Thursday 20 July 2017

Woman killed when oxygen tank blew up as she lit cigarette

Gareth Naughton

A WOMAN was probably lighting a cigarette when her oxygen supply blew up in her face, an inquest has heard.

Mary Kearney (65) was at her home on Champions Avenue, in Dublin, when the incident happened just after midnight on February 24, last year.

A life-long smoker, she had been taking oxygen for three years having developed severe emphysema.

In a deposition to Dublin Coroner's Court, her husband John said that 20 minutes before the incident he had brought his wife some water and she seemed in good form. He then heard a fire alarm go off and a bang. He checked her oxygen concentrator, which was located downstairs, and it was working. But when he went upstairs he found Mrs Kearney lying face down on the floor. Her face was black.

He brought her to the bed and attempted CPR. She was taken to the Mater Hospital by ambulance but was dead.

The court heard that it was probable that Mrs Kearney had been trying to light a cigarette at the time of the incident.

Her son John Kearney Jr said that his mother had been vigilant about ensuring that nobody smoked around her since she began taking oxygen.

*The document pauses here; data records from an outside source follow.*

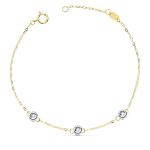 18K PULSERA BICOLOR CADENA FORZADA 3 DIAMANTES LABORATORIO 0,045 QTS, G-VS2, LARGO: 19 CM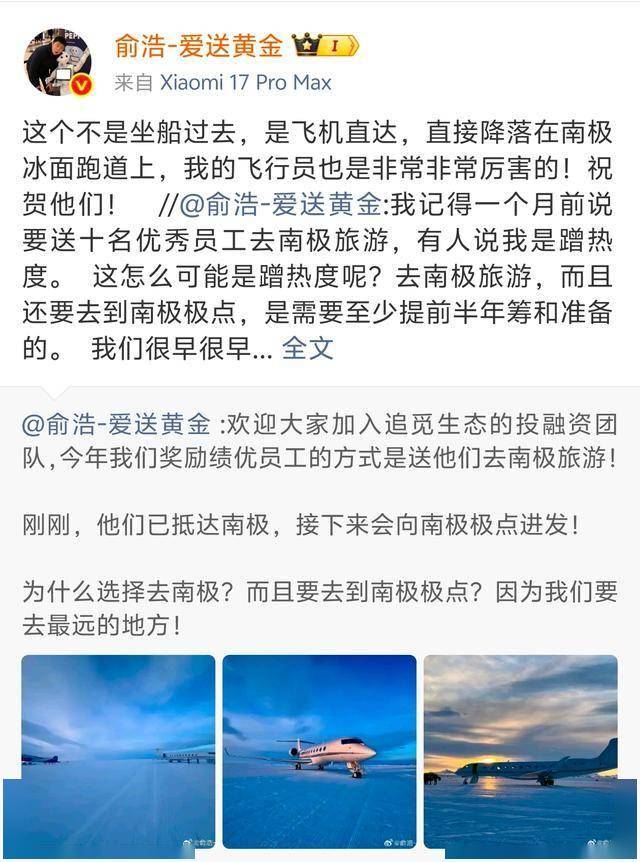 瑞财经 王敏 1月25日,追觅科技创始人俞浩官博发文称,公司已将十名优秀员工送往南极旅游,并计划向南极极点进发。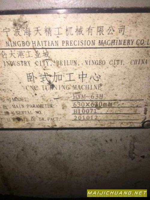 2010年海天卧式加工中心HTM-63H, 630X630mm,好货在位出售!要的抓紧联系~!类型:卧式加工中心品牌:HISION型号:HTM-63H主电机功率:22(kw)kw三轴行程(X*Y*Z):1000*850*750工作台面积为630×630mm;主轴转速可达5000rpm,快速达20m/min。

However, she had been very stressed following the death of her brother and was arranging his funeral. His mother may not have been in her right mind at the time, he said.

Machine

The company that supplied the air concentrator, Air Products Ireland, inspected the device. Quality manager John McEvoy said that there was no issue with the machine itself.

The only way the flare-up could have happened is if the area immediately around the nasal prongs had come into contact with a naked flame.

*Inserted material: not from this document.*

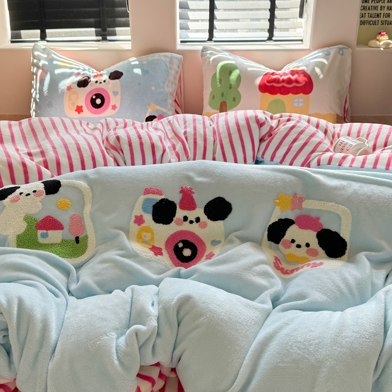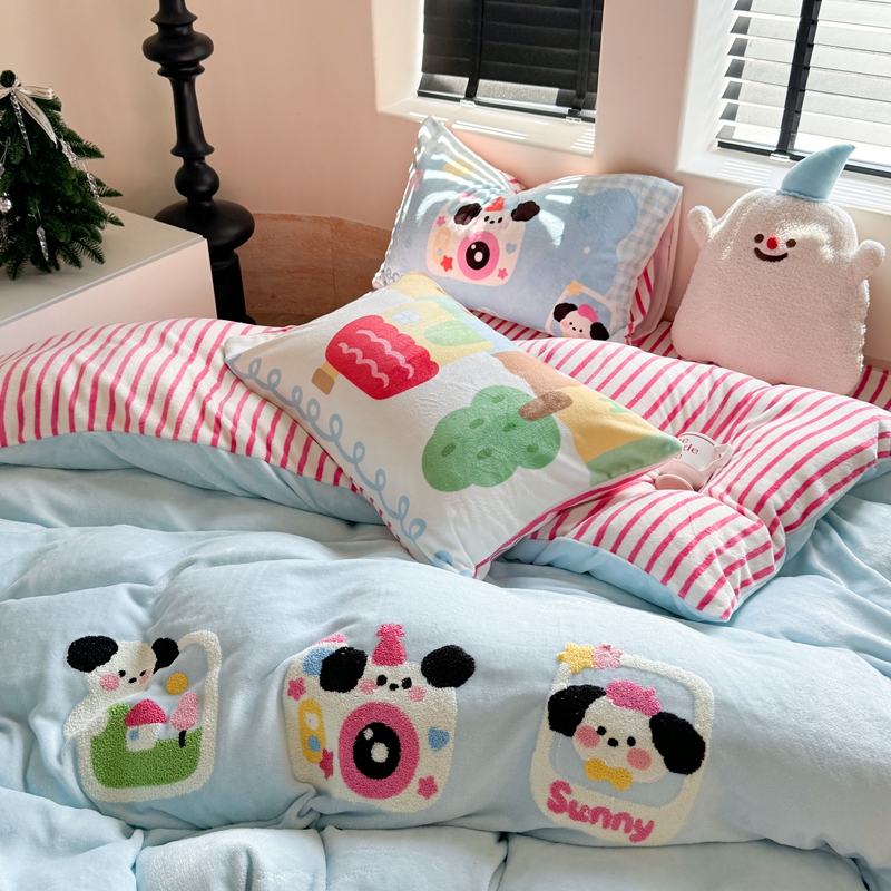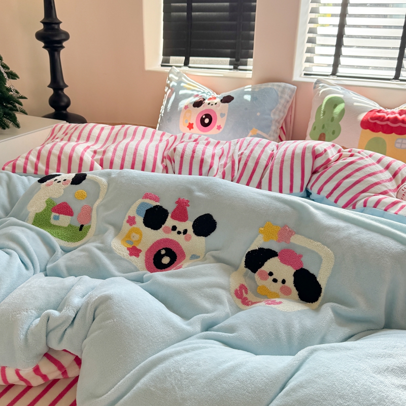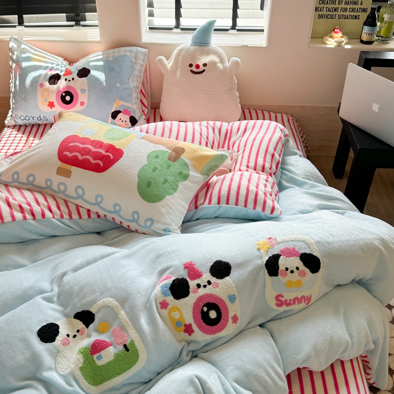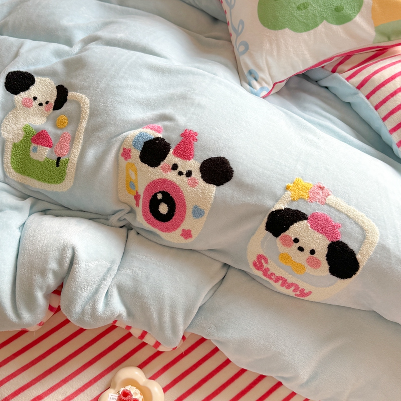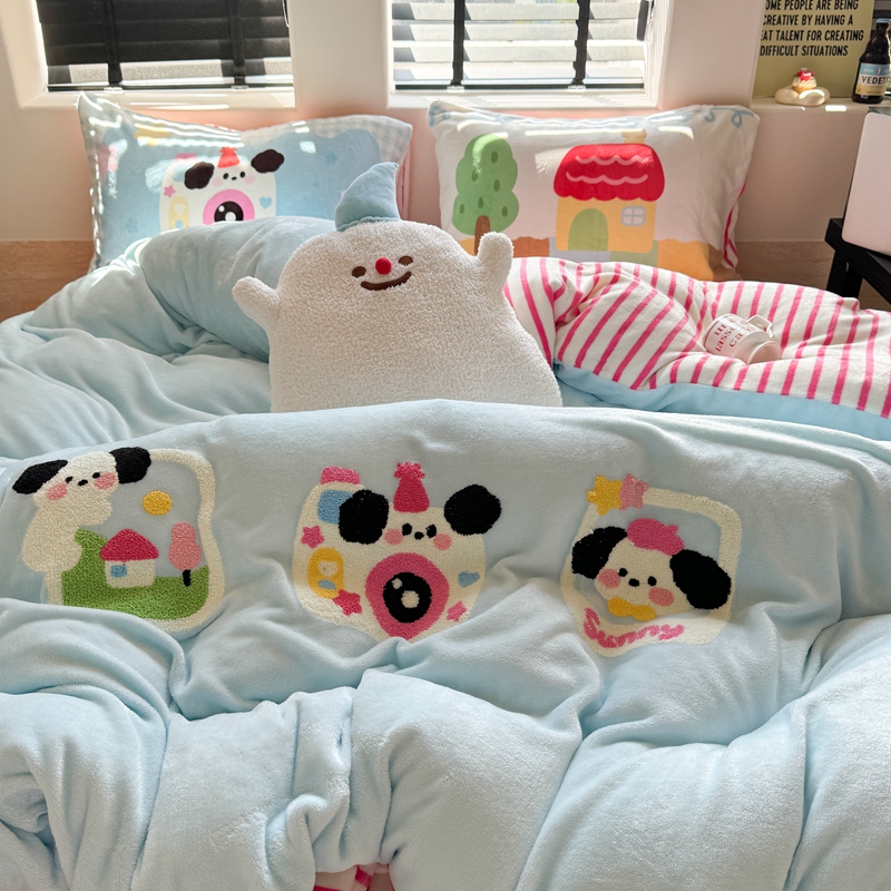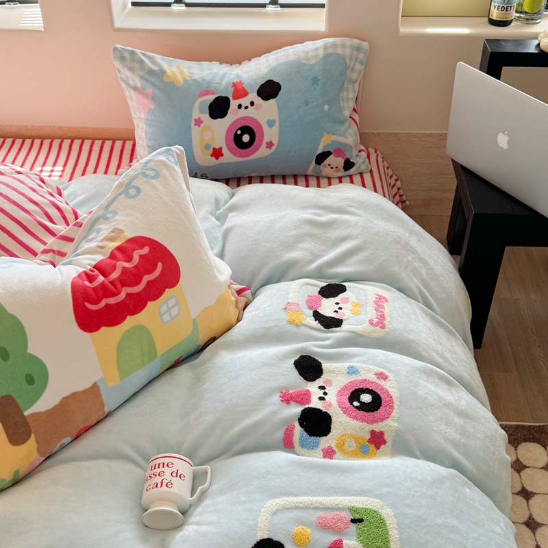 柚子YOUTH 2024新款牛奶绒四件套-三小只毛巾绣系列 照相机

A post-mortem revealed that while the resultant flare up had left soot on her face, neck and nostrils and singed her hair, it was not the cause of her death. She had been suffering from severe heart disease and the shock of the incident had brought on cardiac arrest causing her to die instantly.

Coroner Dr Brian Farrell said that while there was no evidence that Mrs Kearney had been smoking a cigarette at the time, this was the most likely cause of the incident. He recorded a verdict of death by misadventure.